Located at the company's Linwood depot, near Paisley, the new picking station will handle lighter fractions of waste separated in an earlier process. The baling plant will produce bales of the extracted material in the right size to be sold to mills. An additional eight jobs has been created at the new plant, with more expected as the plant expands.

Commenting on the new plant, sales manager Charlie Devine said: “Material that was going to go to landfill will now be segregated and put into the existing waste stream to be recycled.”

The new facilities come just a few weeks after the Tracey Group started up its glass reprocessing arm, Allglass Reprocessors, which is currently going through trials and is in the running to gain accredited status. The plant will be able to handle 15,000 to 20,000 tonnes of glass a year using state-of-the-art technology that means bottles will not need labels or even corks removed before entering the system.
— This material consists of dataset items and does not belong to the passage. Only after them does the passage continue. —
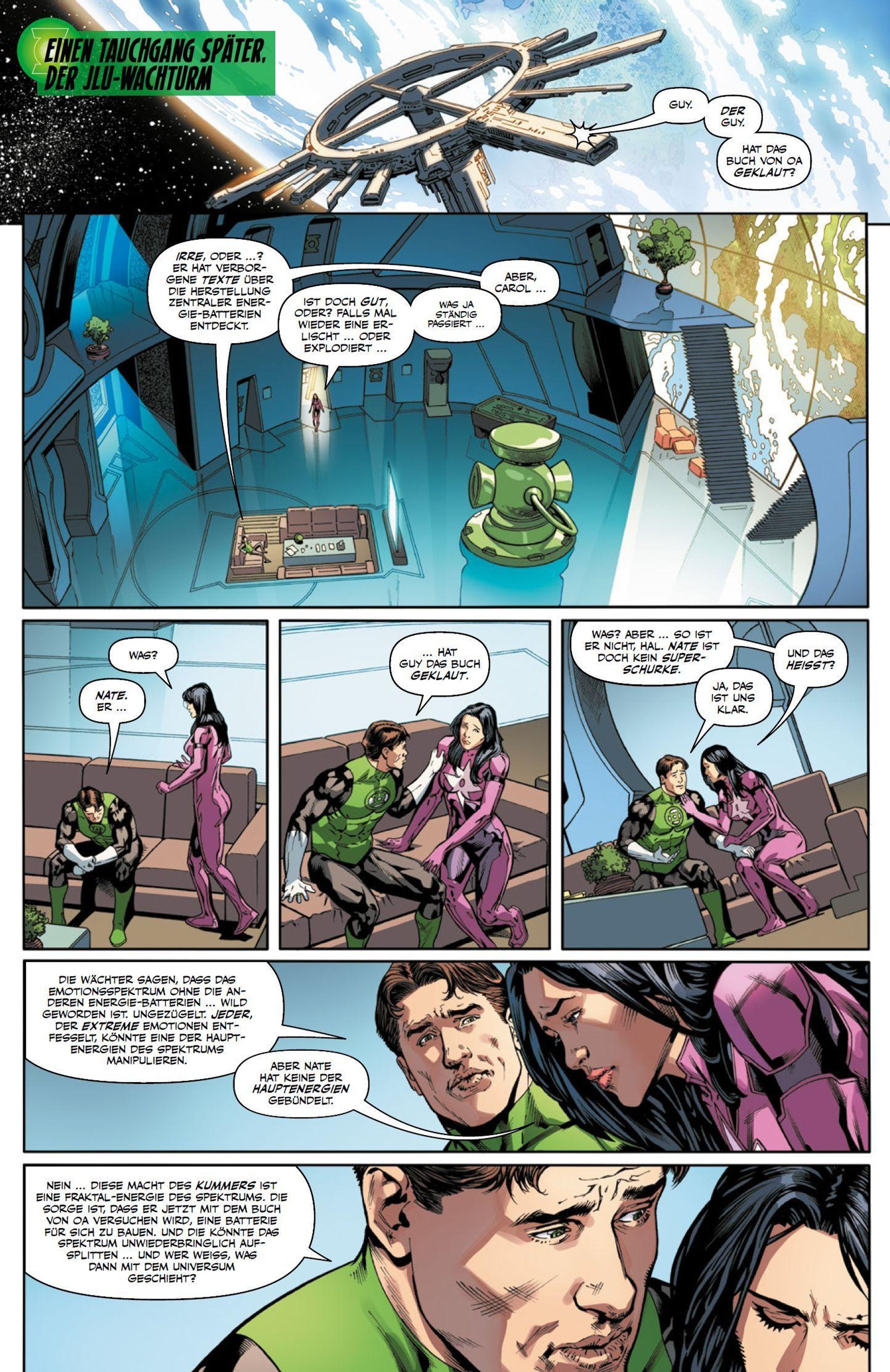 VOM HIMMEL DURCH DIE WELT ZUR HÖLLE! Das Green Lantern Corps kämpft an zwei Fronten gegen die wachsende Bedrohung der Fraktal-Lanterns! Kyle Rayner rekrutiert ungewöhnliche Verbündete für eine gefährliche Mission, die die Green Lantern bis an die Grenzen des Quellenalls führen wird. Und Hal Jordan wagt sich in den Schlund der wahrhaftigen Hölle vor, um ein Objekt zu sichern, das von entscheidender Bedeutung sein könnte. Dämonen und Teufel sind dort jedoch das kleinste seiner Probleme, wie sich zeigen wird. Und die Sorrow Lantern gewinnt indessen einen mächtigen Verbündeten ...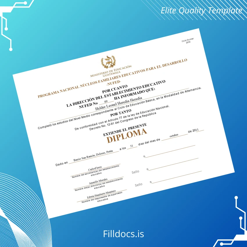 This template is a blank diploma form designed specifically for Guatemala NUFED High School diplomas. It serves as a novelty diploma design with high-quality, editable fields, offering a trustworthy and customizable degree template that meets professional standards. Ideal for producing replacement diplomas or official presentations, it combines authenticity with ease of customization.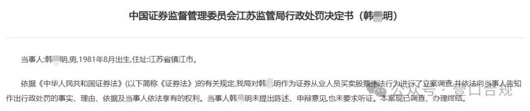 头部券商员工:使用父亲、妻姐账户炒股10年,亏损76万,被罚8万!| 案例2024年第169期处罚一个,警示一批。本文的目的亦在于借助个案起到警示教育的目的,同样希望各位读者立足于此,更多关注案例背后暴露出的合规问题。以案促改,以案促进,共同助力证券从业人员的执业能力提升和证券行业的健康高质量发展。2024年10月28日,江苏证监局发布处罚决定,对某证券营业部工作人员韩某明违法买卖股票行为进行行政处罚。使用父亲、妻姐账户炒股10年,亏损76万,被罚8万当事人:韩某明,男,1981年8月,住址:江苏镇江。2014年7月8日至2021年9月3日,当事人韩某明在YH证券公司南京江东中路营业部任职,先后担任证券经纪人及理财经理。2014年10月10日至2021年4月29日,韩某明先后利用其父亲、妻姐证券账户进行股票交易,合计亏损76.03万元。账户内资金主要来自于韩某明本人及其家庭资金,资金去向主要为韩某明本人或归还其借款。韩某明的上述行为违反《证券法》第四十条第一款的规定。依规,监管部门决定:对韩某明处以8万元的罚款。监管查处多起利用父母、配偶账户炒股案例某种角度上看,借用父母、配偶账户炒股,对于逃避监管打击,做实证据链确实存在一定挑战。尤其是利用配偶账户,从资金端来看,作为夫妻共同财产,很难找到扎实的证据来证明资金来源于从业人员。因此,一些从业人员似乎从中看到了机会与可能,冒险为之。然而,近两年来厦门局、黑龙江局、深圳局、宁波局等多家证监局查处了从业人员利用父母、配偶账户违规炒股的案例,也再次警示各位从业人员:手莫伸,伸手必被捉!1.2024年9月,宁波局发布处罚决定,某证券营业部工作人员黄某,控制使用配偶、母亲、父亲证券账户交易,买卖成交总金额1.23亿元,整体交易亏损89.02万元(已扣除税费)。刘某的上述行为违反《证券法》第四十条第一款的规定。依规,对其处以10万元的罚款。。2.2023年4月,黑龙江局发布行政处罚决定,某证券分支机构总经理季某某,使用配偶证券账户,通过MAC地址为00********87和EC********81的设备买卖股票,累计成交金额1638.21万元,交易整体亏损。依规,责令其依法处理非法持有的股票和其他具有股权性质的证券,并处以5万元罚款。3.2023年1月,深圳局发布行政处罚决定,某证券公司工作人员罗某,使用母亲、配偶账户进行股票买卖,累计成交金额3631.07万元,亏损5.29万元。依规,对其处以6万元罚款。4.2022年12月,深圳局发布行政处罚决定,某证券营业部理财顾问王某某,控制使用母亲、配偶证券账户买卖股票,累计成交金额24,874,519.3元,亏损220,412.01元。依规,对其处以5万元罚款5.2022年11月,深圳局发布行政处罚决定,某证券营业部投资顾问黎某某,控制使用配偶、其父、其母证券账户交易股票,总成交金额合计1832.45万元,盈利10.07万元。依规,没收其违法所得10.07万元,并处以10万元罚款。6.2022年7月,宁波局发布行政处罚决定,某证券公司保荐代表人金某某,通过朋友李某原买入股票10.5万股,获利104.91万元。按照金某某的指示,李某原将上述本金及获利共计235万元转入金某某配偶王某ZS银行账户。同月,王某将收到的款项转给金某某。依规,没收其违法所得104.91万元,并处以100万元罚款。7.2022年6月,厦门局发布行政处罚决定,某证券营业部客户经理柳某某,操作配偶证券账户买卖股票262笔,累计交易金额910.6万元,交易整体亏损。依规,责令其依法处理非法持有的股票,并处以3万元罚款。免责声明:本文系个人整理,如有出入,请咨询专业机构并查询相关法律法规及监管部门意见,本人不承担任何责任。关注公众号可了解更多案例分析和规则解读!获取2020-2025年处罚材料、商务合作、信息共享、入群、投稿、转载可扫码添加作者!知识星球《壹口合规》已正式开通,加入后可获取海量资料:

“We take mixed glass that hasn't been separated, which local authorities couldn't otherwise have got rid of, and turn it into aggregate,” Mr Devine said. “There's some possibility of turning it into decorative garden products, but mostly at the moment it's for aggregates.”

PRNs
One of Scotland's largest recycling and waste management companies, the Tracey Group handles about 1.1m tonnes of waste a year overall.

The company can issue packaging waste recovery notes because it turns a proportion of the materials into a range of recycled products, including a popular wood chip product for gardens.

Andrew Corry, Tracey Timber Recycling's general manager, said: “We recycle more than 50,000 tonnes of timber every year, a portion of which is manufactured into products such as Decorchip and animal bedding products, on which we can claim PRNs.”